What does the Paris Agreement say about global warming?

Under the 2015 Paris Agreement, nations collectively agreed to keep warming well below 2 C, with an aspirational goal of keeping it under 1.5 C. Unlike the Kyoto Protocol it replaced, the Paris Agreement set no binding emission targets, instead requiring countries to set ever more ambitious goals and reevaluate them every five years. With pledges made as of 2024, there is a 66% chance of keeping warming under 2.8 C by the end of the century.

How can climate change be reduced or mitigated?

Climate change can be mitigated by reducing greenhouse gas emissions and by removing carbon dioxide from the atmosphere. Fossil fuels can be phased out by ending their subsidies, conserving energy, and switching to wind, solar, hydro, and nuclear power, while cleanly generated electricity replaces fossil fuels in transport, heating, and industry. Carbon can also be removed through reforestation and farming methods that store carbon in soil.

Who discovered the greenhouse effect behind climate change?

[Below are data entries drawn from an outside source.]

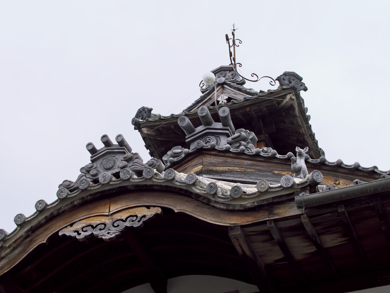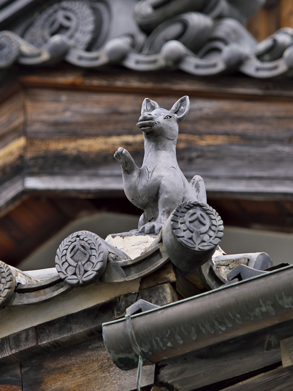 瓦屋根の上に招き猫ならぬ、招き狐 が?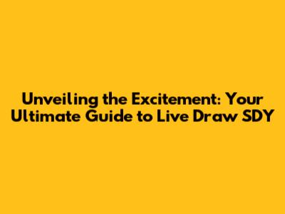 - What time is the Live Draw SDY? The draw times can vary, so it’s important to check the official schedule. Most platforms will have the exact times listed. Draw times are usually in the afternoon.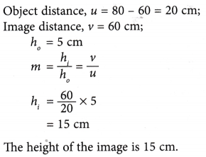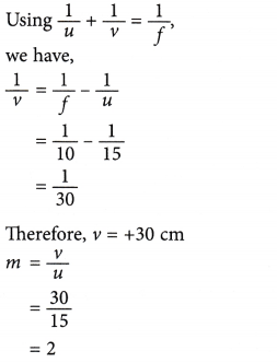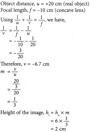Therefore, the image is real, inverted, 30 cm from the lens, on the opposite side of the object and magnified 2 times. - An object of height 6 cm is placed at a distance of 20 cm from a concave lens. Its focal length is 10 cm. Find the position and size of the image.

Joseph Fourier proposed the greenhouse effect in the 1820s to explain why Earth was warmer than sunlight alone could account for. In 1856, Eunice Newton Foote showed that air with carbon dioxide warmed more than dry air, and starting in 1859, John Tyndall established that water vapour, methane, and carbon dioxide absorb radiated heat. Svante Arrhenius published the first climate model of its kind in 1896.